Respiratory Medicine Department, Xiamen Haicang Hospital, Xiamen, Fujian, People's Republic of China.
Nursing Department, Xiamen Haicang Hospital, Xiamen, Fujian, People's Republic of China.
Int J Chron Obstruct Pulmon Dis. 2024 May 22;19:1093-1103. doi: 10.2147/COPD.S454804. eCollection 2024.
Whether Internet of Things (IoT)-based home respiratory muscle training (RMT) benefits patients with comorbid chronic obstructive pulmonary disease (COPD) remains unclear. Therefore, this study aims to evaluate the effectiveness of IoT-based home RMT for patients with COPD.

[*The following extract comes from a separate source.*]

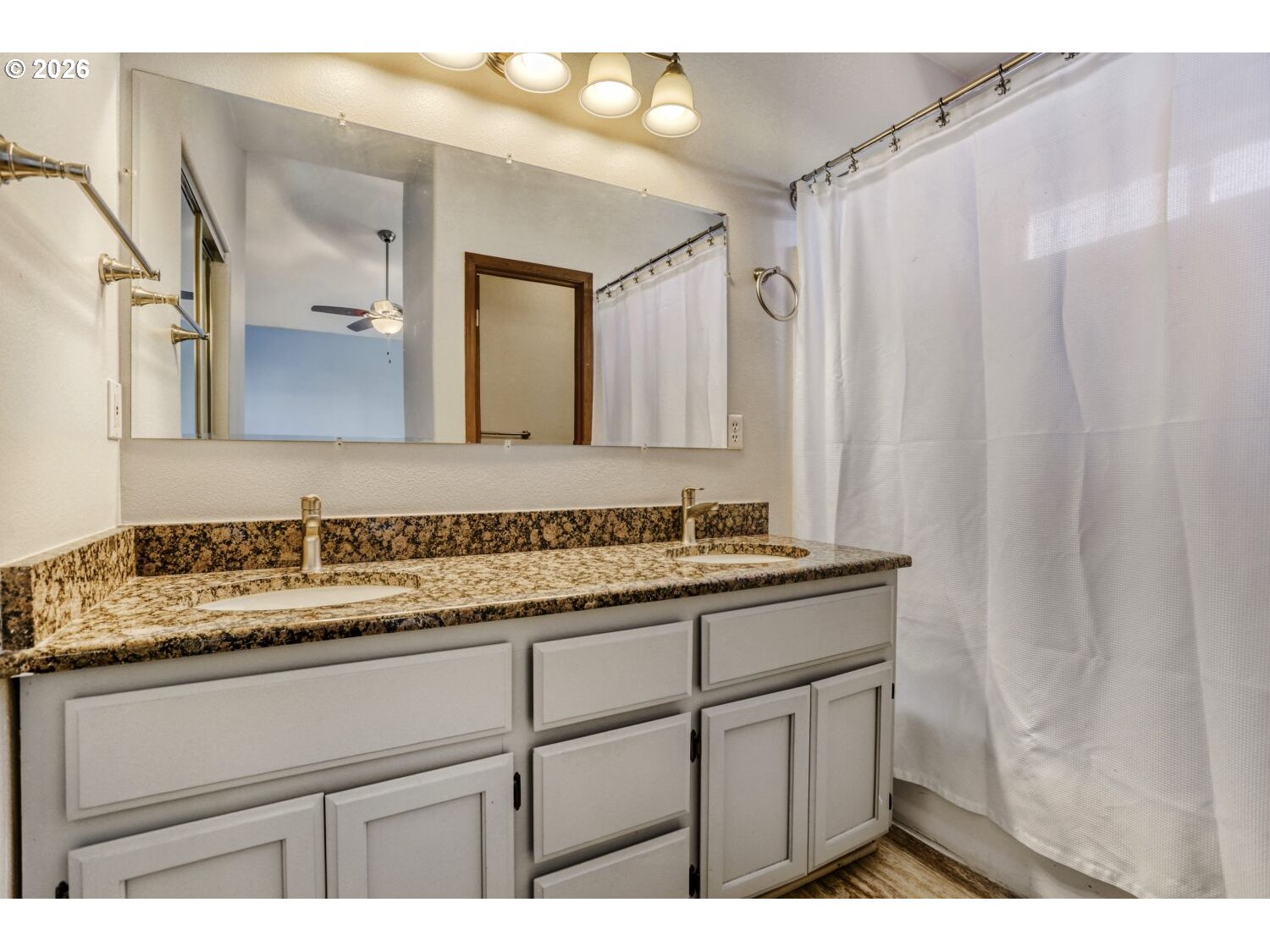Discover the perfect blend of modern comfort and effortless style in this move in ready single level home. Featuring three bedrooms and two full bathrooms, the residence has been thoughtfully updated throughout to provide a fresh, contemporary feel. The heart of the home is an expansive open concept great room where the kitchen, dining, and family areas flow seamlessly together under soaring vaulted ceilings. Flooded with natural light, this inviting space is anchored by a cozy fireplace, perfect for relaxing evenings. The primary suite serves as a true private retreat, boasting an elegant ensuite bathroom with a dual vanity and direct slider access to the back patio.Recent upgrades add both style and peace of mind, including luxury vinyl flooring, a new dishwasher, updated blinds, and refreshed bathrooms with new toilets, sinks, and granite countertops. Ceiling fans have been added in the living room, family room, and primary bedroom for enhanced comfort. Major system improvements include a newer A/C and furnace, as well as an Aquasana whole-house water filtration system. The exterior was freshly painted last fall, completing the home’s polished look. Whether you’re hosting a dinner party in the bright living area or enjoying a quiet morning coffee outdoors, this home is designed for easy living, thoughtful updates, and modern convenience. [Home Energy Score = 6. HES Report at https://rpt.greenbuildingregistry.com/hes/OR10243965]

Seventy-eight patients with stable COPD were randomly divided into two groups. The control group received routine health education, while the intervention group received IoT-based home RMT (30 inspiratory muscle training [IMT] and 30 expiratory muscle training [EMT] in different respiratory cycles twice daily for 12 consecutive weeks). Assessments took place pre-intervention and 12 weeks post-intervention, including lung function tests, respiratory muscle strength tests, the mMRC dyspnea scale, CAT questionnaires, the HAMA scale, and 6-month COPD-related readmission after intervention.

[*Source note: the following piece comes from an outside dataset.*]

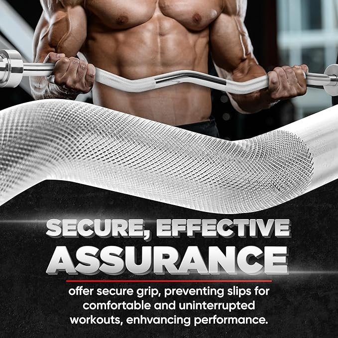 • NON SLIP KNURLED GRIPS: With firm diamond knurl handle, our curling barbell offers comfort & security, even with sweaty hands; Z-Curling design of our EZ barbell allows for natural & comfortable grip, increasing range of motion for deeper muscle, ideal for bicep curls, tricep extensions

Seventy-four patients with COPD were analyzed (intervention group = 38, control group = 36), and the mean age and FEV of the patients were 68.65 ± 7.40 years, 1.21 ± 0.54 L. Compared to those of the control population, the intervention group exhibited higher FEV/FVC (48.23 ± 10.97 vs 54.32 ± 10.31, = 0.016), MIP (41.72 ± 7.70 vs 47.82 ± 10.99, = 0.008), and MEP (42.94 ± 7.85 vs 50.29 ± 15.74, = 0.013); lower mMRC (2.00 [2.00-3.00] vs 1.50 [1.00-2.00], < 0.001), CAT (17.00 [12.00-21.75] vs 11.00 [9.00-13.25], < 0.001), and HAMA (7.00 [5.00-9.00] vs 2.00 [1.00-3.00], < 0.001) scores; and a lower incidence rate of 6-month readmission (22% vs 5%, = 0.033).

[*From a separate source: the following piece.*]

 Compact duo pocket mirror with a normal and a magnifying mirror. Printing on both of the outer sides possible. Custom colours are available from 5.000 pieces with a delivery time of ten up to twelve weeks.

Compared with no intervention, IoT-based home RMT may be a more beneficial intervention for patients with COPD.
基于物联网的家庭呼吸肌训练(RMT)是否有益于合并慢性阻塞性肺疾病(COPD)的患者尚不清楚。因此,本研究旨在评估基于物联网的家庭 RMT 对 COPD 患者的疗效。
78 例稳定期 COPD 患者随机分为两组。对照组接受常规健康教育,干预组接受基于物联网的家庭 RMT(每天两次,每个呼吸周期进行 30 次吸气肌训练和 30 次呼气肌训练,共 12 周)。在干预前和干预后 12 周进行评估,包括肺功能检查、呼吸肌力量测试、mMRC 呼吸困难量表、CAT 问卷、HAMA 量表和干预后 6 个月 COPD 相关再入院率。
74 例 COPD 患者(干预组=38 例,对照组=36 例)进行了分析,患者的平均年龄和 FEV1 分别为 68.65±7.40 岁和 1.21±0.54 L。与对照组相比,干预组的 FEV1/FVC(48.23±10.97 比 54.32±10.31,=0.016)、MIP(41.72±7.70 比 47.82±10.99,=0.008)和 MEP(42.94±7.85 比 50.29±15.74,=0.013)更高;mMRC(2.00[2.00-3.00]比 1.50[1.00-2.00],<0.001)、CAT(17.00[12.00-21.75]比 11.00[9.00-13.25],<0.001)和 HAMA(7.00[5.00-9.00]比 2.00[1.00-3.00],<0.001)评分更低;6 个月再入院率(22%比 5%,=0.033)也更低。
与无干预相比,基于物联网的家庭 RMT 可能对 COPD 患者更有益。